_Work request:_ Go through the data below and repeat it exactly, skipping each picture.

_Source material:_
***

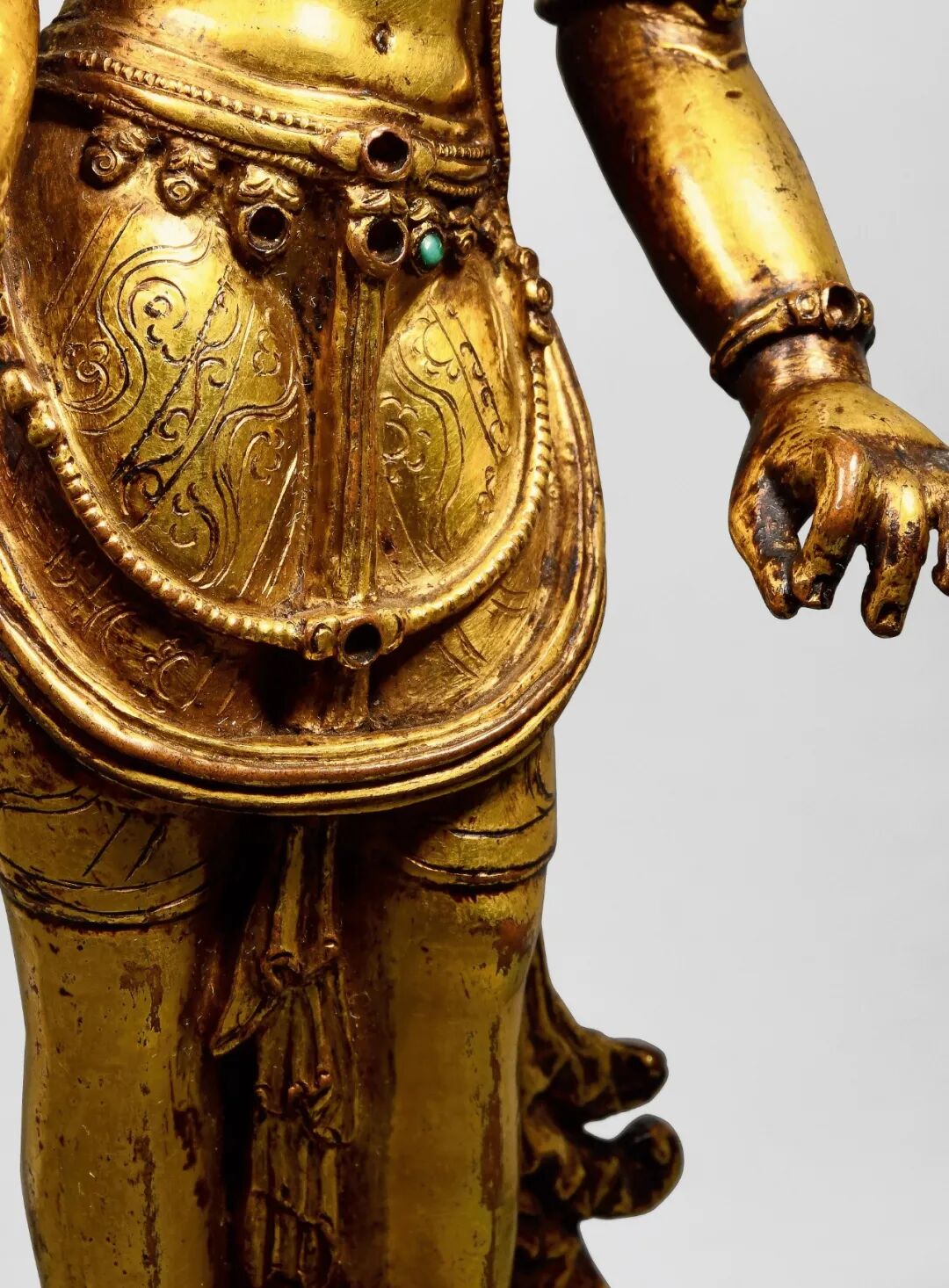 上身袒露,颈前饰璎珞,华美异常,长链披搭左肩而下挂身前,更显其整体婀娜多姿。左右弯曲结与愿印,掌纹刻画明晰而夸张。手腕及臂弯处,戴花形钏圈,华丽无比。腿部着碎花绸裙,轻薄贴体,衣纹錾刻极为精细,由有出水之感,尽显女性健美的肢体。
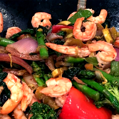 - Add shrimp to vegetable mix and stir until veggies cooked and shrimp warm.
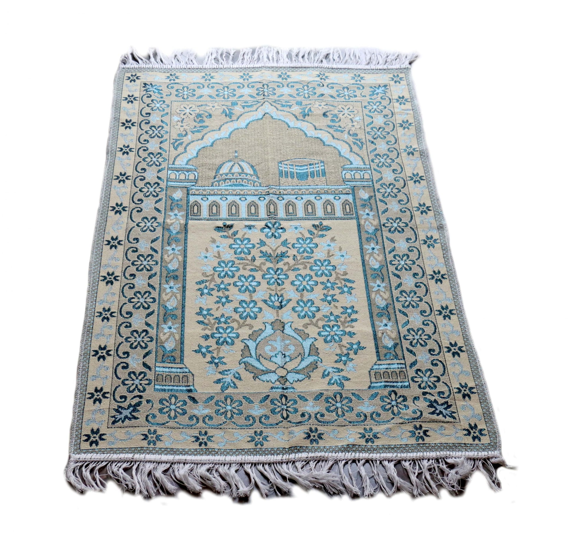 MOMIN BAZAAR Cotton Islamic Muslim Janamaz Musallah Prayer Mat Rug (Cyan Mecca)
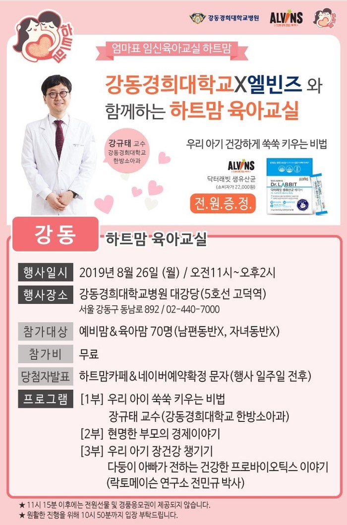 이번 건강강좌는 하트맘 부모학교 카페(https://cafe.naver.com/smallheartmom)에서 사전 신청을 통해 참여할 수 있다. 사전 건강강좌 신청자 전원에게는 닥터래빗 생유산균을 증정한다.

***

_Result for this exercise:_
 上身袒露,颈前饰璎珞,华美异常,长链披搭左肩而下挂身前,更显其整体婀娜多姿。左右弯曲结与愿印,掌纹刻画明晰而夸张。手腕及臂弯处,戴花形钏圈,华丽无比。腿部着碎花绸裙,轻薄贴体,衣纹錾刻极为精细,由有出水之感,尽显女性健美的肢体。
 - Add shrimp to vegetable mix and stir until veggies cooked and shrimp warm.
 MOMIN BAZAAR Cotton Islamic Muslim Janamaz Musallah Prayer Mat Rug (Cyan Mecca)
 이번 건강강좌는 하트맘 부모학교 카페(https://cafe.naver.com/smallheartmom)에서 사전 신청을 통해 참여할 수 있다. 사전 건강강좌 신청자 전원에게는 닥터래빗 생유산균을 증정한다.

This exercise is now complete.